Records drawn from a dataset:

☆ ☆ ☆ ☆

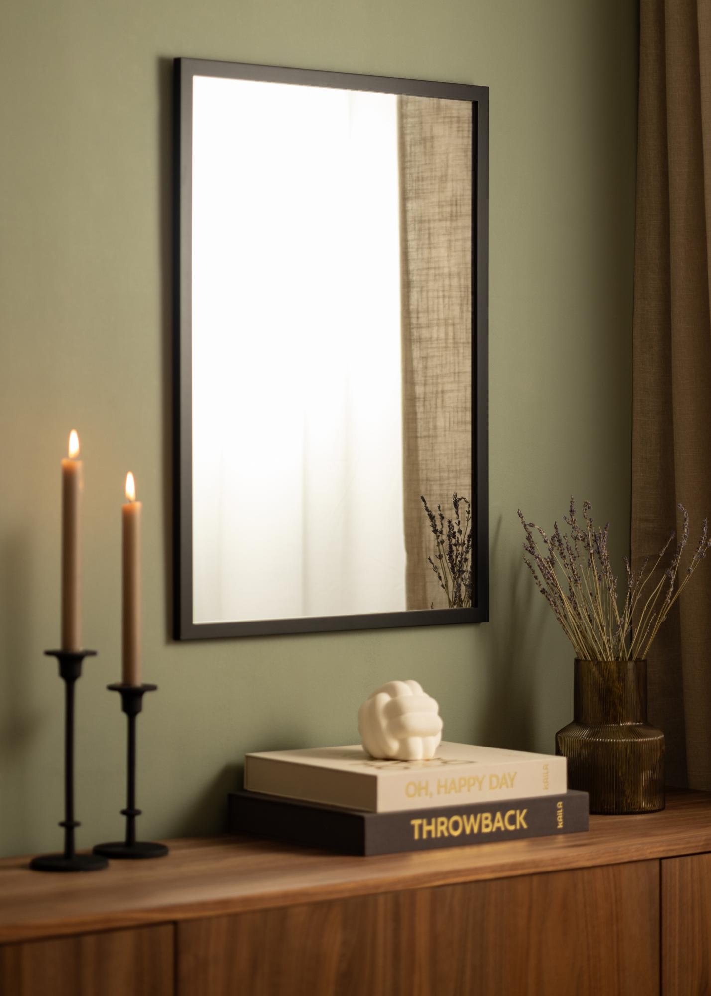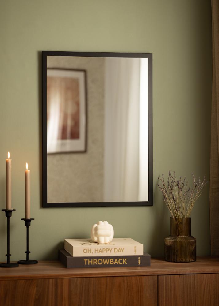 Black Wood е отличен избор за вас, които търсят стилно стенни огледало с обикновена черна рамка. Огледалото е изработено от боядисано айосово дърво и е снабдено с безцветно огледално стъкло. Рамката с ширина 22 мм има традиционен квадратен профил, който позволява на огледалната повърхност да бъде в центъра на вниманието.
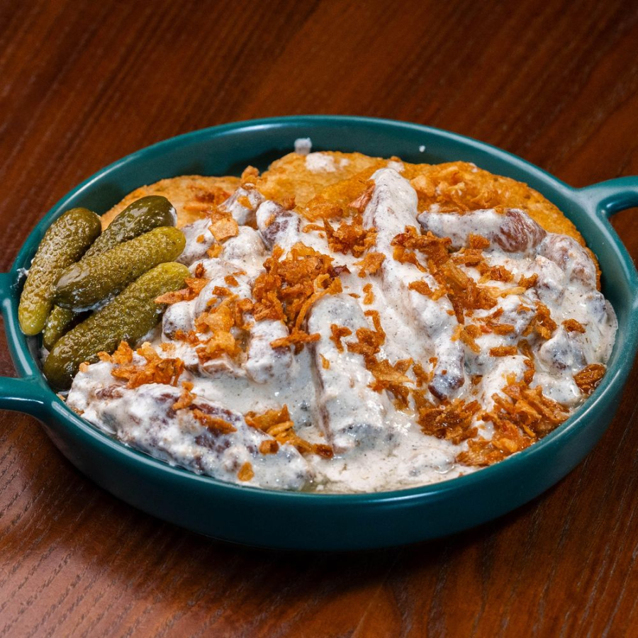 Драники, шампиньоны, свинина, корнишоны, лук красный, сливки, чесночное масло, зелень.
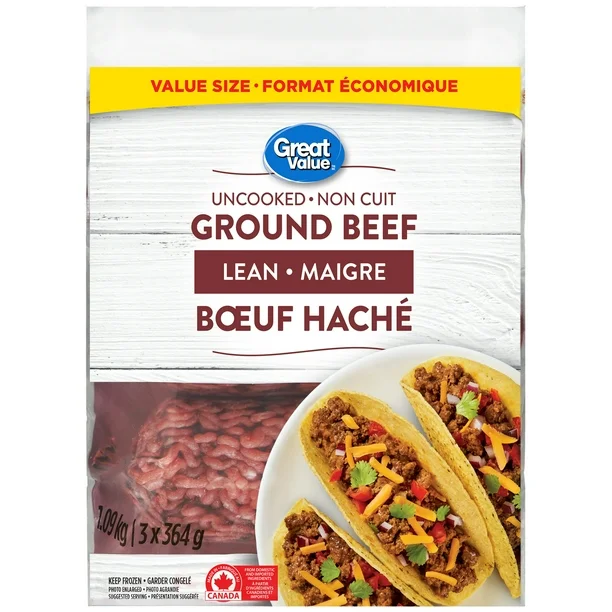 Great Value Lean Ground Beef is your ideal choice when you want a high-quality protein source that delivers both taste and nutrition. With a total weight of 1.09 kg, conveniently divided into three 364 g packages, this product is designed for flexibility in meal preparation. Whether you’re crafting juicy burgers, flavorful meatballs, or hearty casseroles, our lean ground beef is perfect for countless recipes. Its consistent freshness and superior quality make it a reliable addition to your kitchen.
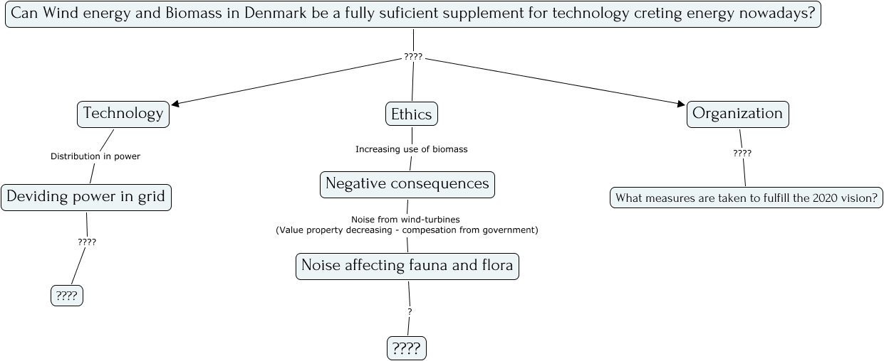 This Concept Map, created with IHMC CmapTools, has information related to: Untitled 1, Deviding power in grid ???? ????, Negative consequences Noise from wind-turbines (Value property decreasing - compesation from government) Noise affecting fauna and flora, Technology Distribution in power Deviding power in grid, Ethics Increasing use of biomass Negative consequences, Noise affecting fauna and flora ? ????, Organization ???? What measures are taken to fulfill the 2020 vision?, Can Wind energy and Biomass in Denmark be a fully suficient supplement for technology creting energy nowadays? ???? Organization, Can Wind energy and Biomass in Denmark be a fully suficient supplement for technology creting energy nowadays? ???? Technology, Can Wind energy and Biomass in Denmark be a fully suficient supplement for technology creting energy nowadays? ???? Ethics
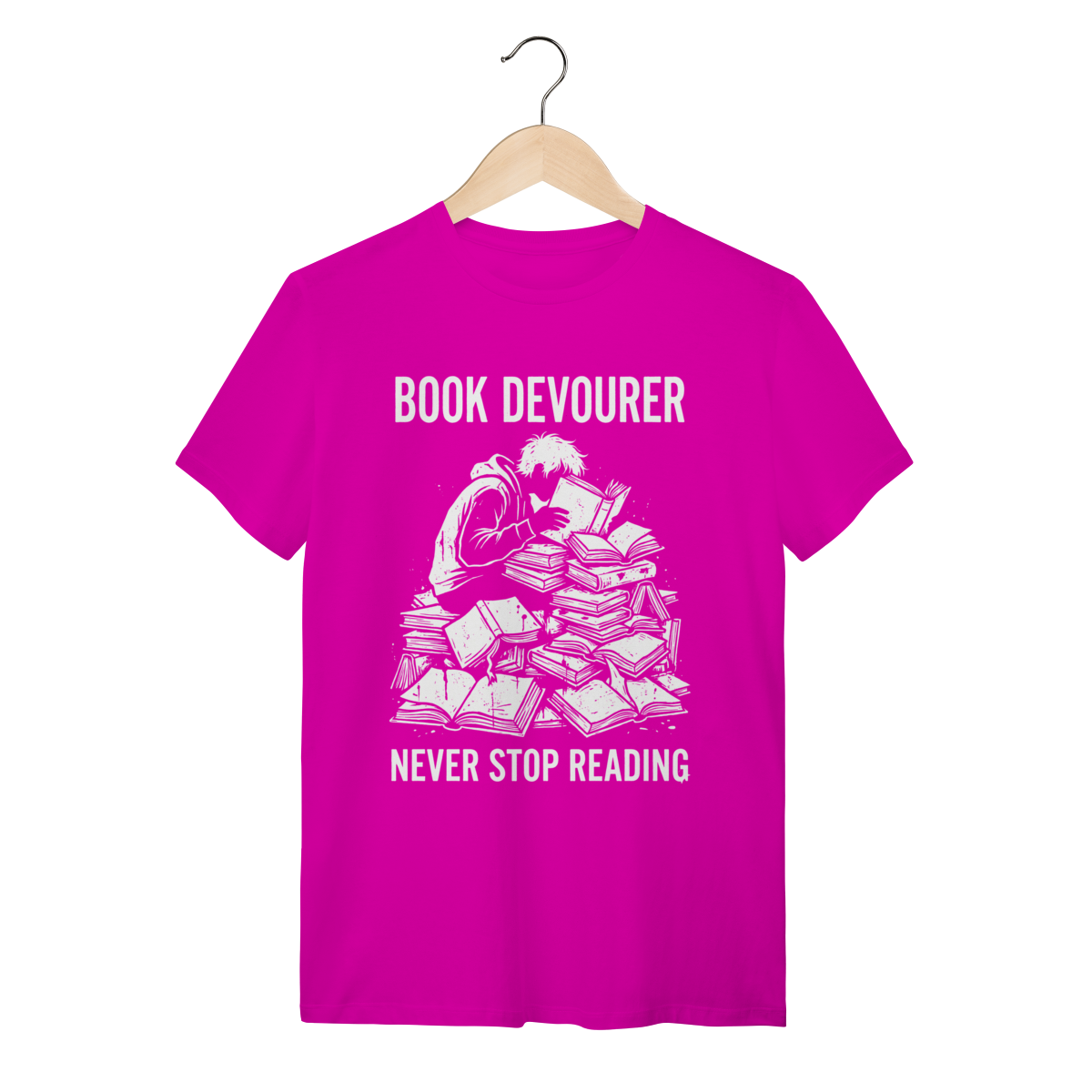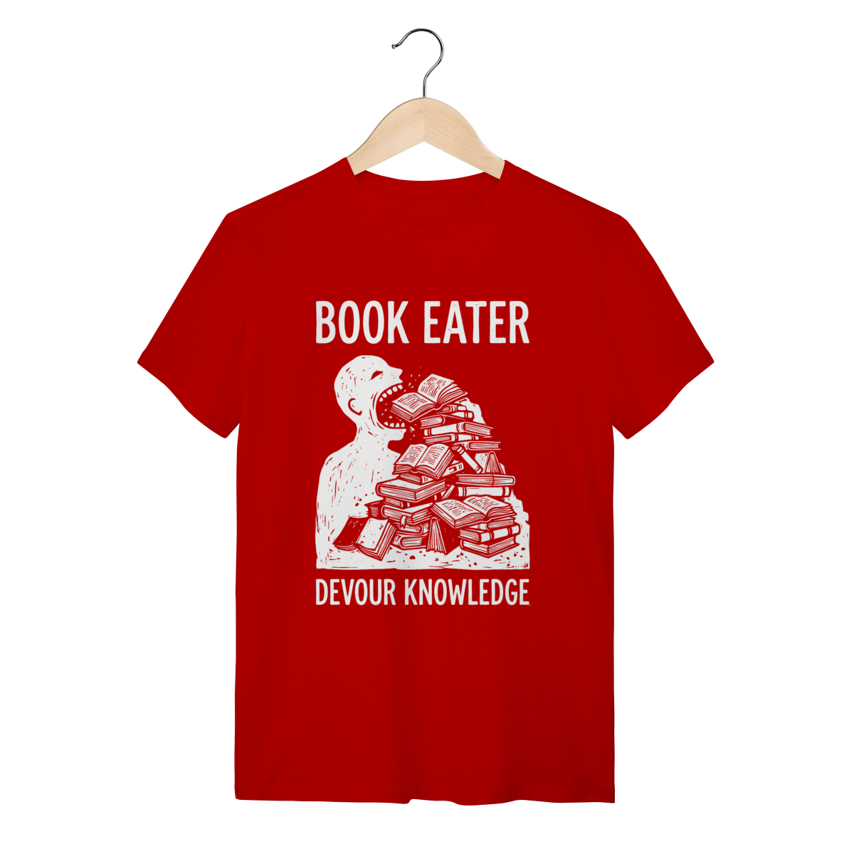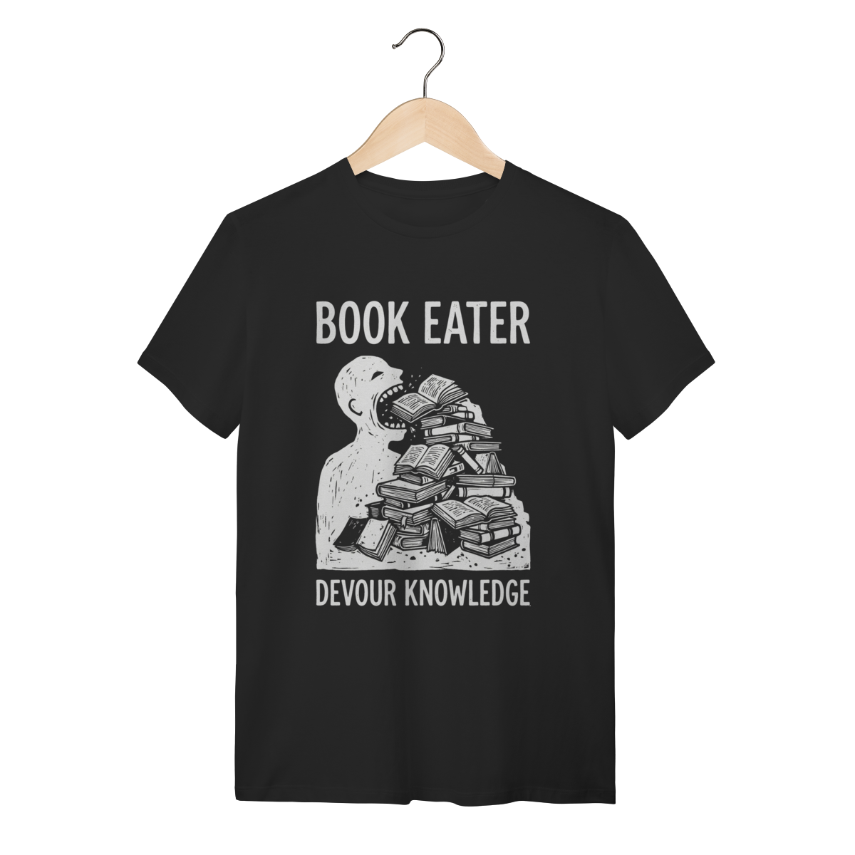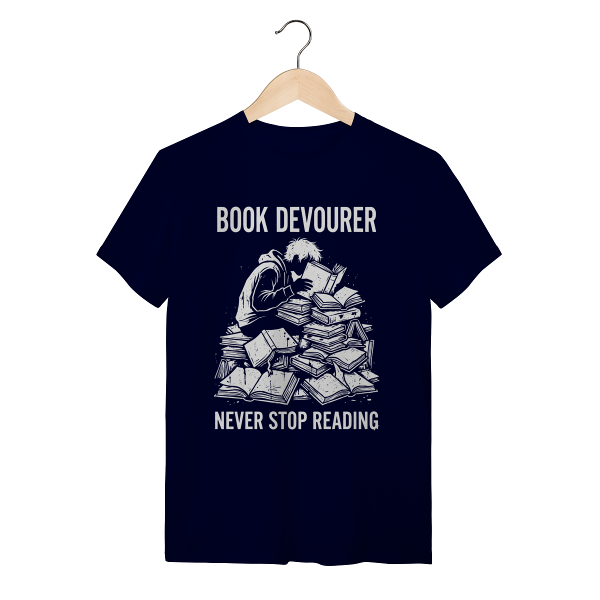 Ler não é apenas um passatempo, é uma necessidade vital. Esta estampa captura a essência daquele que encontra nos livros o alimento para a alma e para a mente. Mostre ao mundo que sua sede de saber é insaciável e vista o orgulho de ser um verdadeiro "Book Eater".

☆ ☆ ☆ ☆

Aim of the exercise: A verbatim transcription of the records, pictures excluded, is the required output.

Exercise solution:
 Black Wood е отличен избор за вас, които търсят стилно стенни огледало с обикновена черна рамка. Огледалото е изработено от боядисано айосово дърво и е снабдено с безцветно огледално стъкло. Рамката с ширина 22 мм има традиционен квадратен профил, който позволява на огледалната повърхност да бъде в центъра на вниманието.
 Драники, шампиньоны, свинина, корнишоны, лук красный, сливки, чесночное масло, зелень.
 Great Value Lean Ground Beef is your ideal choice when you want a high-quality protein source that delivers both taste and nutrition. With a total weight of 1.09 kg, conveniently divided into three 364 g packages, this product is designed for flexibility in meal preparation. Whether you’re crafting juicy burgers, flavorful meatballs, or hearty casseroles, our lean ground beef is perfect for countless recipes. Its consistent freshness and superior quality make it a reliable addition to your kitchen.
 This Concept Map, created with IHMC CmapTools, has information related to: Untitled 1, Deviding power in grid ???? ????, Negative consequences Noise from wind-turbines (Value property decreasing - compesation from government) Noise affecting fauna and flora, Technology Distribution in power Deviding power in grid, Ethics Increasing use of biomass Negative consequences, Noise affecting fauna and flora ? ????, Organization ???? What measures are taken to fulfill the 2020 vision?, Can Wind energy and Biomass in Denmark be a fully suficient supplement for technology creting energy nowadays? ???? Organization, Can Wind energy and Biomass in Denmark be a fully suficient supplement for technology creting energy nowadays? ???? Technology, Can Wind energy and Biomass in Denmark be a fully suficient supplement for technology creting energy nowadays? ???? Ethics
 Ler não é apenas um passatempo, é uma necessidade vital. Esta estampa captura a essência daquele que encontra nos livros o alimento para a alma e para a mente. Mostre ao mundo que sua sede de saber é insaciável e vista o orgulho de ser um verdadeiro "Book Eater".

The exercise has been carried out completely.